### DATA FOR THIS TASK
>>>>

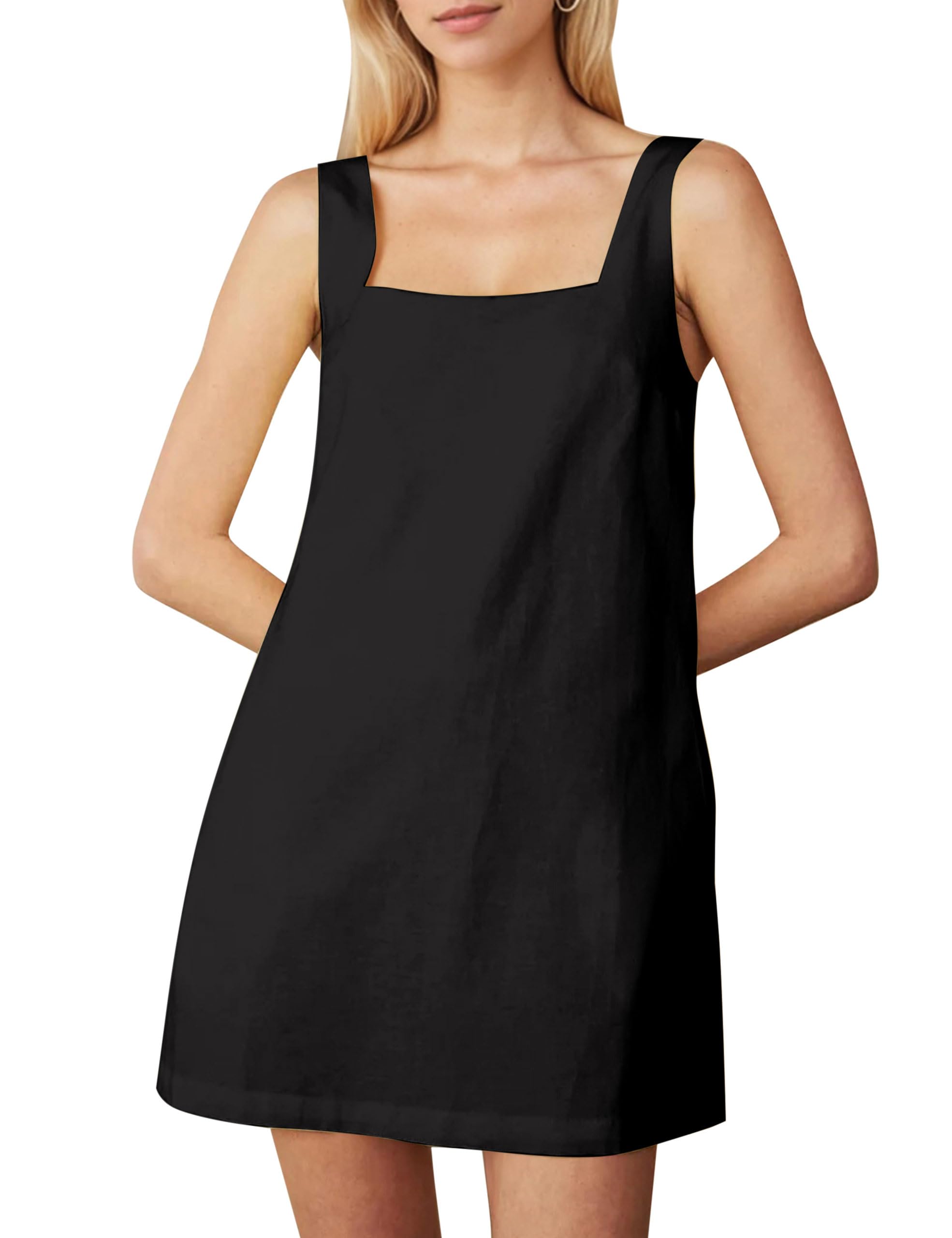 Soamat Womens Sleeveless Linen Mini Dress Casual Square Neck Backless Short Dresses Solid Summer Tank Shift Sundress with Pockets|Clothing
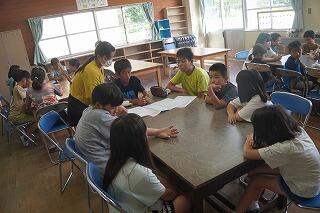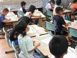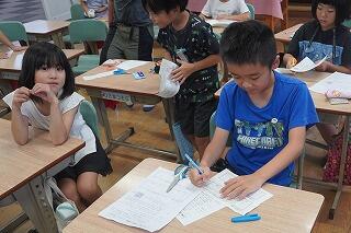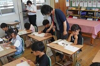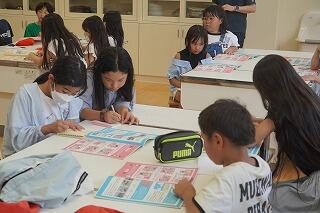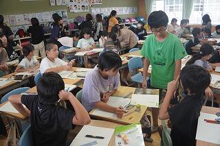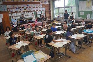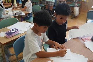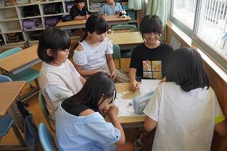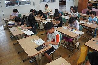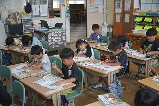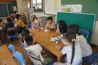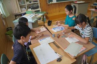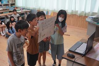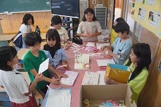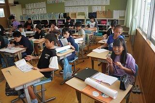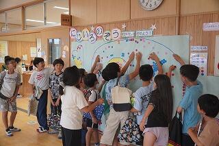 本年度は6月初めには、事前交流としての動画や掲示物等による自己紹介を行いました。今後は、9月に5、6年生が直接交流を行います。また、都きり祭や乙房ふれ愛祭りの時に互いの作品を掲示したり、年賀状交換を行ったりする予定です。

<<<<
>>>>

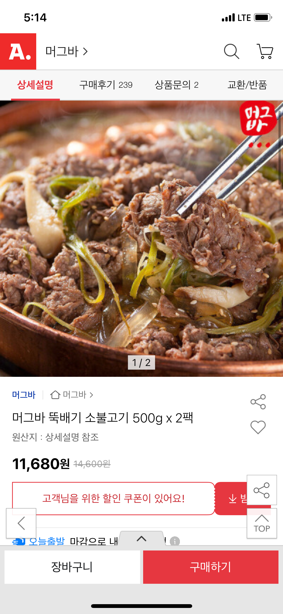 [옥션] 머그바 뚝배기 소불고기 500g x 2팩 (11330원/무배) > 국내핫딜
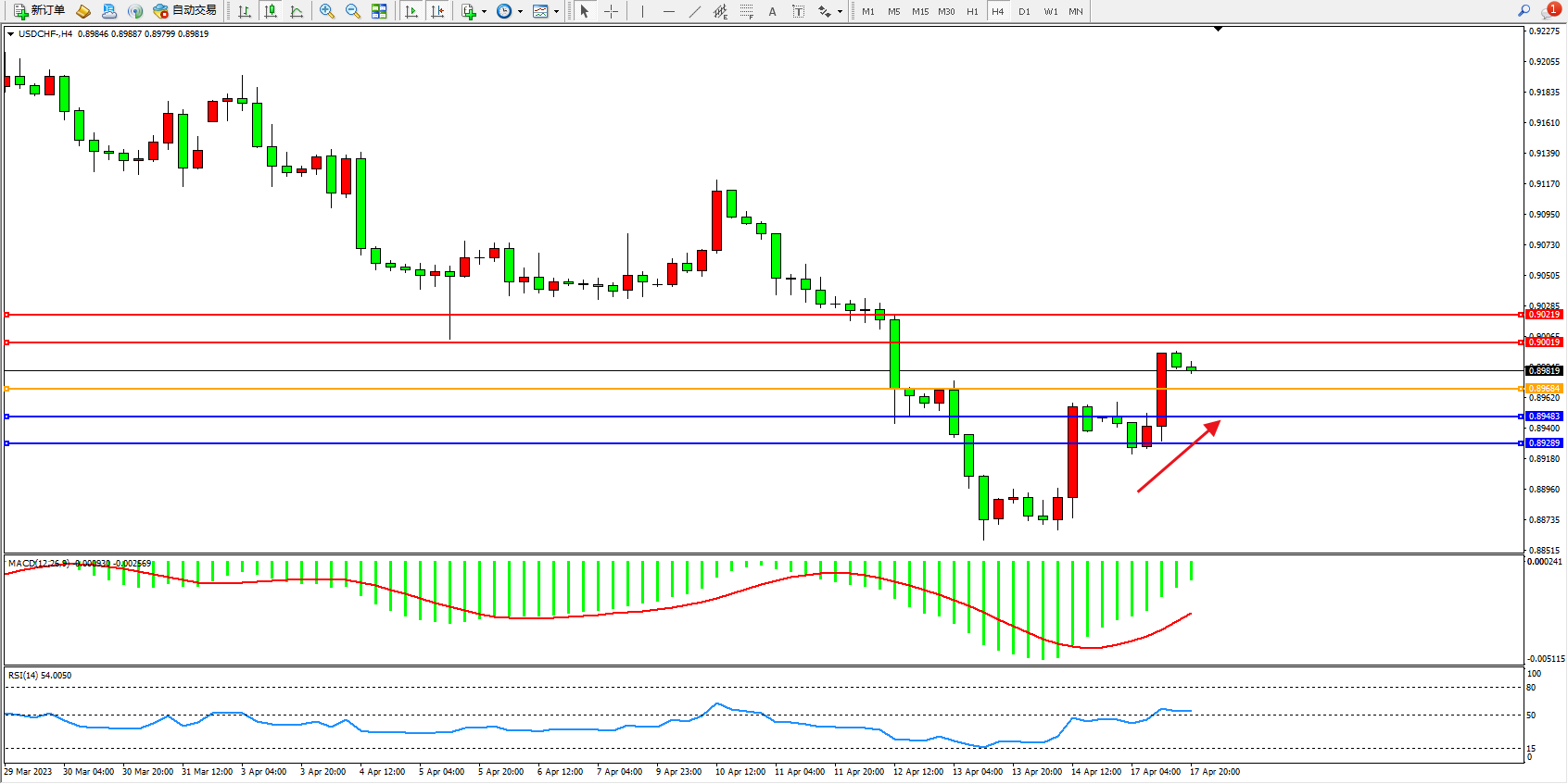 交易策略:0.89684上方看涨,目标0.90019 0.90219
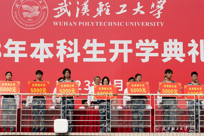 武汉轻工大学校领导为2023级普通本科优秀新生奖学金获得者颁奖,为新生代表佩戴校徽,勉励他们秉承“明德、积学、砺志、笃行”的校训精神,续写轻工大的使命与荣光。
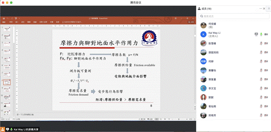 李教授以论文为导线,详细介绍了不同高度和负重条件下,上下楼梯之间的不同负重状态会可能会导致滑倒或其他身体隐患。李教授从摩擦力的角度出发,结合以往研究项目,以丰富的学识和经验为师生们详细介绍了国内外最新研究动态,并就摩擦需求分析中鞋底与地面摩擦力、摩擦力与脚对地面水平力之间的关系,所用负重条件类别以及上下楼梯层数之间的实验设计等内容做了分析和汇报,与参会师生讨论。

<<<<

### EXERCISE BRIEF
Go to the line above that has "Soamat Womens Sleeveless" and copy exactly from there down to the line that has "本年度は6月初めには、事前交", both included. Leave the pictures out.

### RESPONSE AREA
 Soamat Womens Sleeveless Linen Mini Dress Casual Square Neck Backless Short Dresses Solid Summer Tank Shift Sundress with Pockets|Clothing
 本年度は6月初めには、事前交流としての動画や掲示物等による自己紹介を行いました。今後は、9月に5、6年生が直接交流を行います。また、都きり祭や乙房ふれ愛祭りの時に互いの作品を掲示したり、年賀状交換を行ったりする予定です。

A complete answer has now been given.